The commission was set up in recognition of the perceived distortions in the affirmative action policy, which was seen as leading to a situation in which a few castes cornered the bulk of benefits available under the 27% quota for OBCs, and tasked with suggesting corrective actions.

The report of the commission is widely expected to be politically sensitive, with a direct bearing on the electoral calculations of parties ahead of Lok Sabha elections. The contents of the report have not been made public as yet.

What is the need for sub-categorisation of OBCs?

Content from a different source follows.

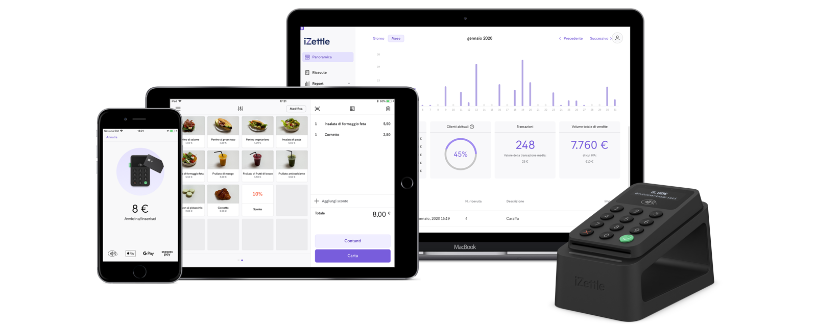 Il lettore di carte di credito iZettle Reader consente a chiunque di accettare pagamenti con carta sempre e dovunque, mentre il nostro intuitivo sistema di gestione delle vendite semplifica l'elaborazione dei pagamenti, il tracciamento delle vendite e la gestione dei prodotti.

  • OBCs get 27% reservation in central government jobs and admission to educational institutions. There are more than 2,600 entries in the Central List of OBCs, but over the years, a perception has taken root that only a few affluent communities among them have benefited from the quota.
  • Therefore, there is an argument that a “sub-categorisation” of OBCs — quotas within the 27% quota — is needed in order to ensure “equitable distribution” of the benefits of reservation.
  • Even as the Justice Rohini Commission was examining the matter, a five-judge Constitution Bench of the Supreme Court in August 2020 intervened in the sub-categorisation debate, ruling that the 2005 decision of another five-judge Bench in ‘E V Chinnaiah vs State of Andhra Pradesh’ must be revisited.
  • ‘Chinnaiah’ had held that no special sub-quota can be introduced within the quota for SCs and STs for the benefit of castes or tribes that were more backward than the others on these lists.

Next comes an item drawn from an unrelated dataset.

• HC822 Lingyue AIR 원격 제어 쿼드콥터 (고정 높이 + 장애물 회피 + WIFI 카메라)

What were the terms of reference of the Rohini Commission?

  • The commission’s brief was originally to:
  • “Examine the extent of inequitable distribution of benefits of reservation among the castes or communities included in the broad category of OBCs with reference to such classes included in the Central List”;
  • “Work out the mechanism, criteria, norms and parameters in a scientific approach for sub-categorisation within such OBCs”; and
  • “Take up the exercise of identifying the respective castes or communities or sub-castes or synonyms in the Central List of OBCs and classifying them into their respective sub-categories”.
  • It was set up with a tenure of 12 weeks ending January 3, 2018, but was given repeated extensions.
  • On July 30, 2019, the commission wrote to the government that it had “noted several ambiguities in the list… [and] is of the opinion that these have to be clarified/ rectified before the sub-categorised central list is prepared”.

How did the work of the Commission proceed?

  • The commission noted the absence of data on the population of various communities to compare with their representation in jobs and admissions, and wrote to the government on December 12, 2018 asking for a budgetary provision for an all-India survey to estimate the population of various OBCs.
  • However, on March 7, 2019, three days before the schedule for the Lok Sabha elections was announced, Justice Rohini wrote to the government, saying “We have now decided not to undertake such survey at this stage.”
  • Earlier, on August 31, 2018, then Home Minister Rajnath Singh had announced that Census 2021 would also collect data for OBCs. But the census was delayed by the pandemic, and the government has not said when it might be conducted.
  • Meanwhile, OBC groups and almost all political parties barring the BJP central leadership have continued to demand a caste census.
  • In Bihar, even the BJP has backed the move — the Bihar legislature has twice unanimously passed resolutions calling for a caste census. On Tuesday (August 1), Patna High Court dismissed a challenge to the decision of the Bihar government to conduct a caste survey, paving the way for the exercise in the state.
  • In 2018, the commission analysed the data of 1.3 lakh central government jobs under the OBC quota over the preceding five years, and OBC admissions to central higher education institutions, including universities, IITs, NITs, IIMs and AIIMS, over the preceding three years.

Conclusion- The analysis showed 97% of all jobs and education seats have gone to 25% of OBC castes, and 24.95% of these jobs and seats have gone to just 10 OBC communities. As many as 983 OBC communities — 37% of the total — were found to have zero representation in jobs and educational institutions, and 994 OBC sub-castes had a representation of only 2.68% in recruitments and admissions.